* **Study material**:
____________________

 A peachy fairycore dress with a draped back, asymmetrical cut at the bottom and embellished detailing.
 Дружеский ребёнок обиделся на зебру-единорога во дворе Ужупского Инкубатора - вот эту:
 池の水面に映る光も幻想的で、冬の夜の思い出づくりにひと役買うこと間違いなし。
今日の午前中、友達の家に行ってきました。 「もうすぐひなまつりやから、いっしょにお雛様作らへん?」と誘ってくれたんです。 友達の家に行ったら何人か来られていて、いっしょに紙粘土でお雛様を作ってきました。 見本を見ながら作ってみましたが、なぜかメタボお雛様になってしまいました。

____________________

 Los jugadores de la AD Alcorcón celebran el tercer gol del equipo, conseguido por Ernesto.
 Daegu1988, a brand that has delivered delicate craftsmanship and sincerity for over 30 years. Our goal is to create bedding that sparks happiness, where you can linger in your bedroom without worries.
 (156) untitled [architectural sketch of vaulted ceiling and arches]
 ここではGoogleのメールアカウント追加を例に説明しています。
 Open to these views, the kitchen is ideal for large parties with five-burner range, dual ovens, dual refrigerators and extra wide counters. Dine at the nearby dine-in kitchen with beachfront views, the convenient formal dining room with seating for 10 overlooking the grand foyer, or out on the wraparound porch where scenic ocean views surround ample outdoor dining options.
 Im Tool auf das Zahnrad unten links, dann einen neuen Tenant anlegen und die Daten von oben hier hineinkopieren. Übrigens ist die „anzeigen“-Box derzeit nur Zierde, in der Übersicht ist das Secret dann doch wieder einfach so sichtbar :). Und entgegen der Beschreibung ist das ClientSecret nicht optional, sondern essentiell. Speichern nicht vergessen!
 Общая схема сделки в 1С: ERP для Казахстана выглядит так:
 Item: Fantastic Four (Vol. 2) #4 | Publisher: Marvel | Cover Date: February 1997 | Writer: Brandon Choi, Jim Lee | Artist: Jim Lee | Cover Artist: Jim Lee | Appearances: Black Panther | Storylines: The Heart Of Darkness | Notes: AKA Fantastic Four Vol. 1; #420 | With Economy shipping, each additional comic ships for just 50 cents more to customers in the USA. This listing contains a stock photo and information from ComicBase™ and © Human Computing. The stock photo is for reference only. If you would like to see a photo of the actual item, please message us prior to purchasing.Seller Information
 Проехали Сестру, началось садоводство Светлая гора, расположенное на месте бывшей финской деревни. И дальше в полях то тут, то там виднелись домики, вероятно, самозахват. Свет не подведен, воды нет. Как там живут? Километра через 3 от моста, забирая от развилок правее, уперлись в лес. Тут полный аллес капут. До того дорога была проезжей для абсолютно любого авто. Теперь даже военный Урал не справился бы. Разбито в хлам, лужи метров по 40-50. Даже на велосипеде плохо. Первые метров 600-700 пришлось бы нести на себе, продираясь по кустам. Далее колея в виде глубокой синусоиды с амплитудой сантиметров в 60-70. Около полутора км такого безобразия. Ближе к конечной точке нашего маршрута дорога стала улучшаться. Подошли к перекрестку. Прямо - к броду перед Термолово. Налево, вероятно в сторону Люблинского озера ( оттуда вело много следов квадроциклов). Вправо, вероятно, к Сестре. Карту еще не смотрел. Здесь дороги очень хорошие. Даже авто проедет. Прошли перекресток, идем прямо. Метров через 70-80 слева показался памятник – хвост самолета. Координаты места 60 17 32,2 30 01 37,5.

____________________

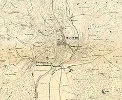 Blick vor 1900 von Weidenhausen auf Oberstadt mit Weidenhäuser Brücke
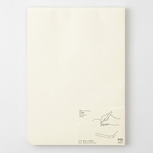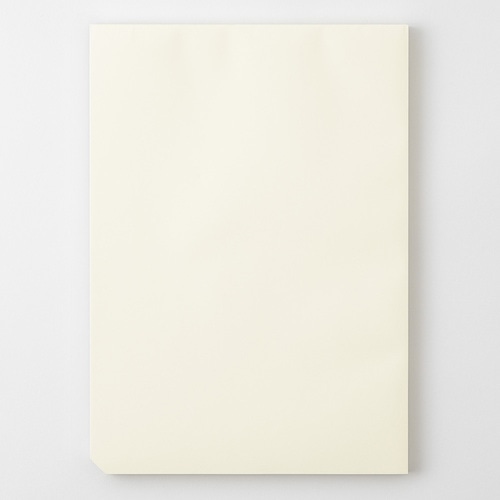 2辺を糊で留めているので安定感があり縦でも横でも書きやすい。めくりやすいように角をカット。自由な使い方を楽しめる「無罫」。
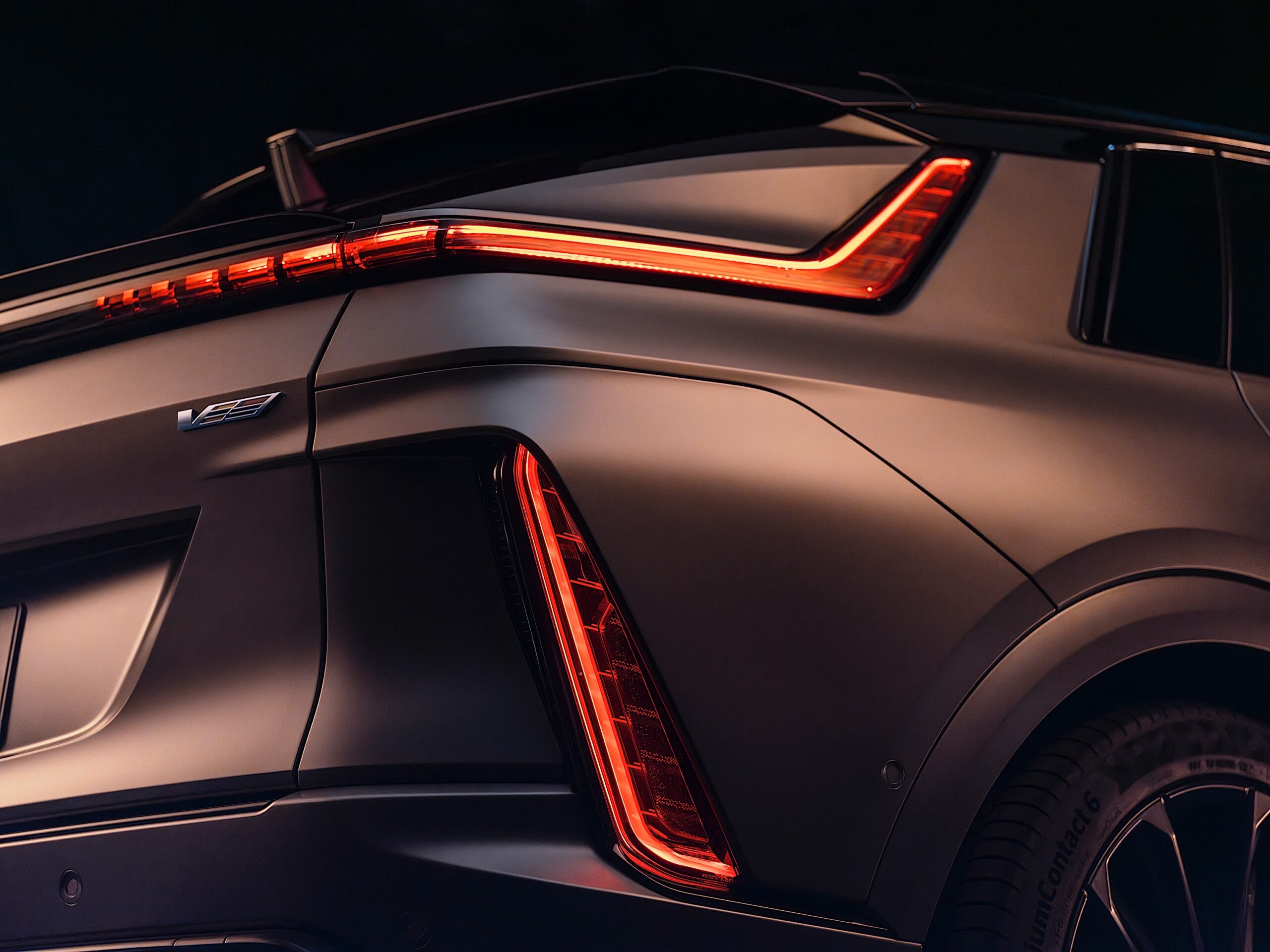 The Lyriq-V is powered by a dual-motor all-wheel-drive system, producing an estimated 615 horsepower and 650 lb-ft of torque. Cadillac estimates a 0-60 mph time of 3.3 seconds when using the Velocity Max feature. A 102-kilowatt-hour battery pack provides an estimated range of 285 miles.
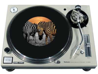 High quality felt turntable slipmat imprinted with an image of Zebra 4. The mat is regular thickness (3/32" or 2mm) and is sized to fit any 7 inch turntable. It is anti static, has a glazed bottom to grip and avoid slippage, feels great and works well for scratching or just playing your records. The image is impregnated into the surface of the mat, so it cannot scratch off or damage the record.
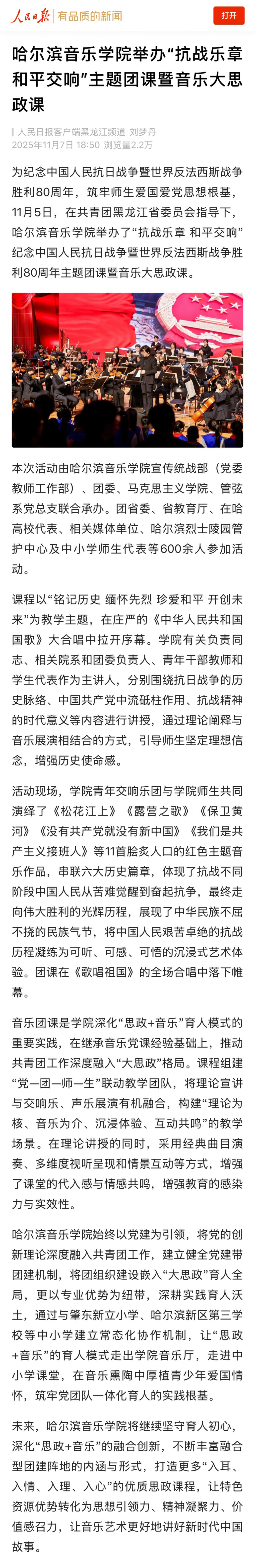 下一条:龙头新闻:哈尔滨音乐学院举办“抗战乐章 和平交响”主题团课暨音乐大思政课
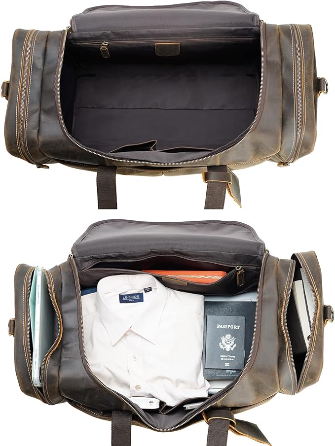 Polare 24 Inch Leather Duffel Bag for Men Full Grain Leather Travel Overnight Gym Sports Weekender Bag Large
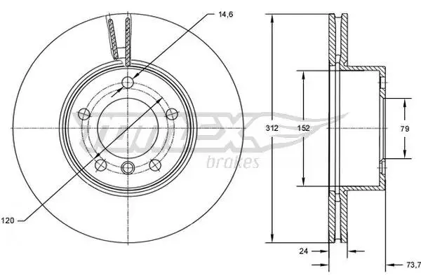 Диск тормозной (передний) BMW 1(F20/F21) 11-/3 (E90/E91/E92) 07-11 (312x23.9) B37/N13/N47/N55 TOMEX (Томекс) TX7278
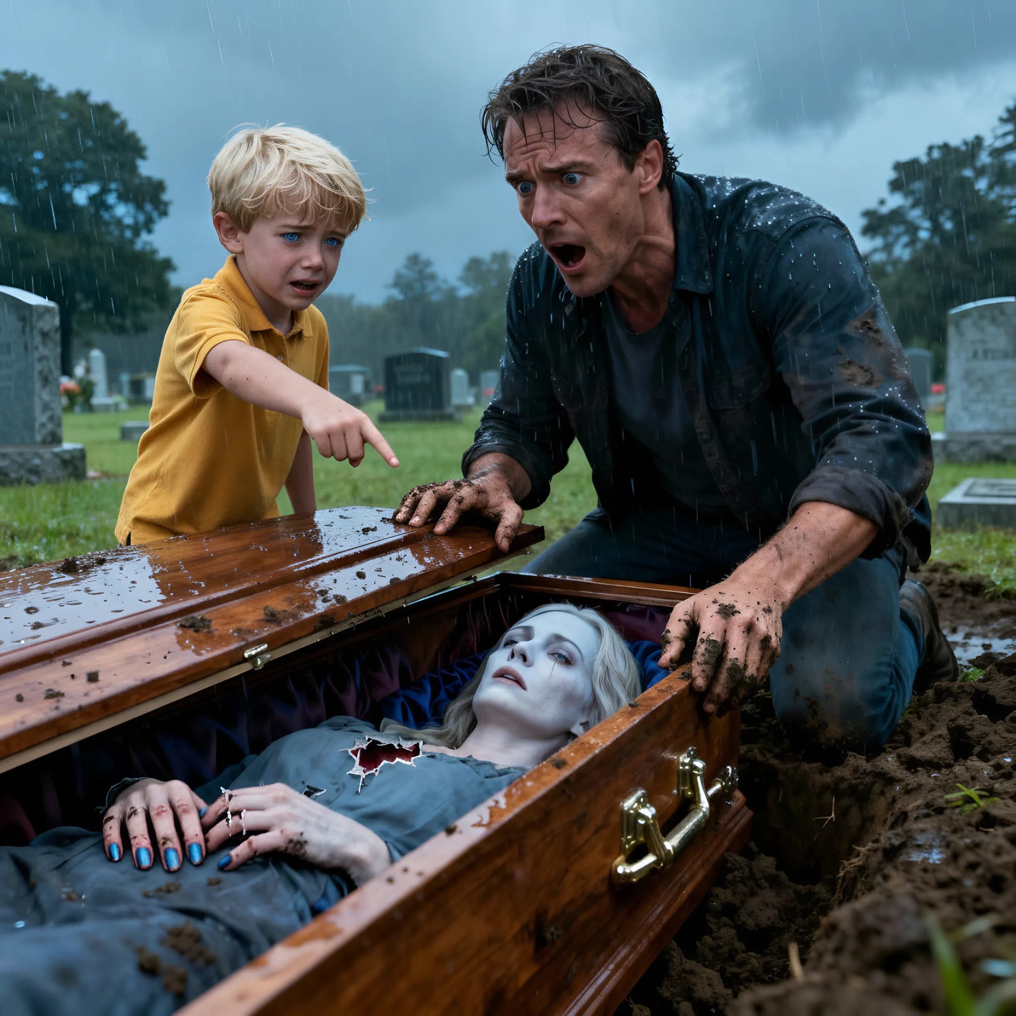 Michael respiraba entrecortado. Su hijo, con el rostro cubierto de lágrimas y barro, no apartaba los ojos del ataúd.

____________________

* **Problem**:
When the line with "(156) untitled [architectural" is reached in the data above, start copying there, and copy each line exactly until the line with "Open to these" has been copied; copy nothing else.

* **Problem solution**:
 (156) untitled [architectural sketch of vaulted ceiling and arches]
 ここではGoogleのメールアカウント追加を例に説明しています。
 Open to these views, the kitchen is ideal for large parties with five-burner range, dual ovens, dual refrigerators and extra wide counters. Dine at the nearby dine-in kitchen with beachfront views, the convenient formal dining room with seating for 10 overlooking the grand foyer, or out on the wraparound porch where scenic ocean views surround ample outdoor dining options.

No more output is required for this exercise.